The Ferat rally car used in the film was in fact a prototype for an unreleased sports model Skoda 110 Super Sport produced by Skoda Auto, now generally referred to as the Skoda Super Sport 'Ferat Vampir RSR' in homage to the film. White version of it, without 'vampiric' elements, made a brief appearance in earlier film Tomorrow I'll Wake Up and Scald Myself with Tea (1977).
Despite various mystifying stories about 'censorship' spread by Juraj Herz, the final cut of the film lacks only two scenes - one three seconds long shot of a dead body in a coffin (which was replaced by a shot of a coffin filled with dirt) and a longer animated sequence showing the 'guts' of the vampire car's engine, created by Jan Svankmajer. Everything else remained exactly as it was intended and filmed.
In 1962 Josef Nesvadba published a short story about a car powered by the driver's blood, called 'Vampire Ltd.'. Barrandov Studios immediately secured the film rights as part of an intended series of three horror adaptations of Nesvadba's stories to be made in co-production with American producer Samuel Z. Arkoff. 'Vampire Ltd.', written and directed by Pavel Hobl, was to be the first of these. The next film in the cycle was to be an adaptation of Nesvadba's short story 'The Second Island of Dr.

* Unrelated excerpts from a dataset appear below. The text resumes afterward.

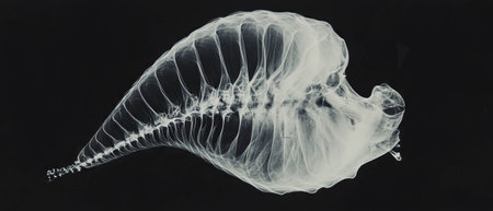 X-ray revealing intricate spiral structure and hidden chambers of a seashell
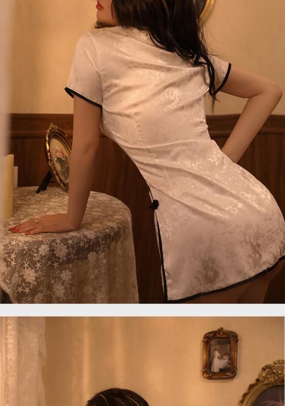 コスチューム レディース セクシー ランジェリー チャイナドレス 制服風 レトロ 中華風 ショート丈 ミニ丈 スリット入り コスプレ 衣装 ポリエステル素材 ブラック ホワイト レッド
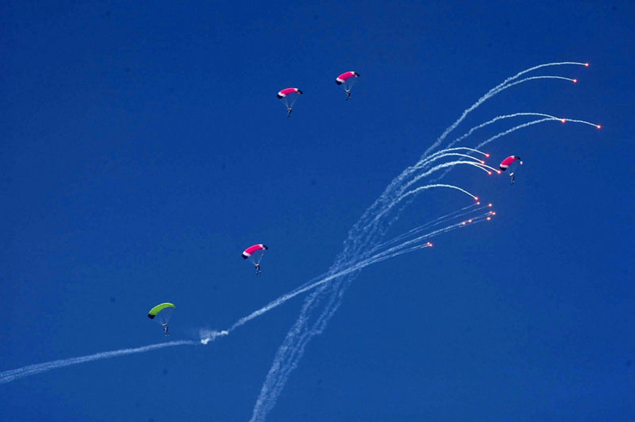 11月3日上午,慶?哲娊ㄜ60周年空中表演在沙河機(jī)場(chǎng)舉行首場(chǎng)預(yù)演。八一跳傘隊(duì)共有24名隊(duì)員表演開路先鋒、空中彩虹、歡慶盛典和仙女下凡4個(gè)節(jié)目。黑克 張穎川 攝

Moreau', written by Milos Macourek and directed by Oldrich Lipský. However, the American side found both scripts "too arty and too bloody" for the American market and its strict rating system, so the co-production was dropped and the third film of the trilogy was not even developed. In 1967, Nesvadba himself wrote a new script called 'The Blood Red Car' and sold it to another American producer Ivan Reiner, who ultimately did not produce the film either. Uncertainty about who currently owned the rights led Nesvadba to writing a brand new short story on the same topic, 'The Vampire Twenty Years After', which he published in a Tvorba magazine in 1972. At this point, Juraj Herz came into the project and wrote a synopsis for his intended television adaptation of this later story, entitled 'Racing with Death'. After further peripeties, with the material being re-adapted by several other writers and for several other directors, it went back to Herz on the recommendation of Milos Macourek, who wrote the screenplay review, and the film was finally produced, 20 years on from the original intention to do so.

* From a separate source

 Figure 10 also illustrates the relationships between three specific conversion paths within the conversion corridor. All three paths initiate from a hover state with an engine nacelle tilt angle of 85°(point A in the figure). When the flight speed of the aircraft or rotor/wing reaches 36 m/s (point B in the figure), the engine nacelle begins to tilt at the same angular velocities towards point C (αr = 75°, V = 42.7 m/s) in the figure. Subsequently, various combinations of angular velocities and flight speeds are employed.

The company producing the blood-sucking car was called Vaduz in an earlier version of the script. The renaming to Ferat was for two reasons. Firstly, the name evokes the car companies Ferrari and Fiat, which corresponds with the film's intention to comment sarcastically on the efforts of multinational corporations to 'suck the life' out of their consumers. Secondly, the resulting Czech title 'Upír z Feratu' evokes the title of the classic vampire film Nosferatu: A Symphony of Horror (1922), whose Czech distribution title is 'Upír Nosferatu'.
The character of the psychiatrist, with his line about a fellow doctor who already wrote a story about biological cars twenty years ago, refers to the author of the short story the film is based on, Josef Nesvadba, who was a graduate of the medical faculty of psychiatry.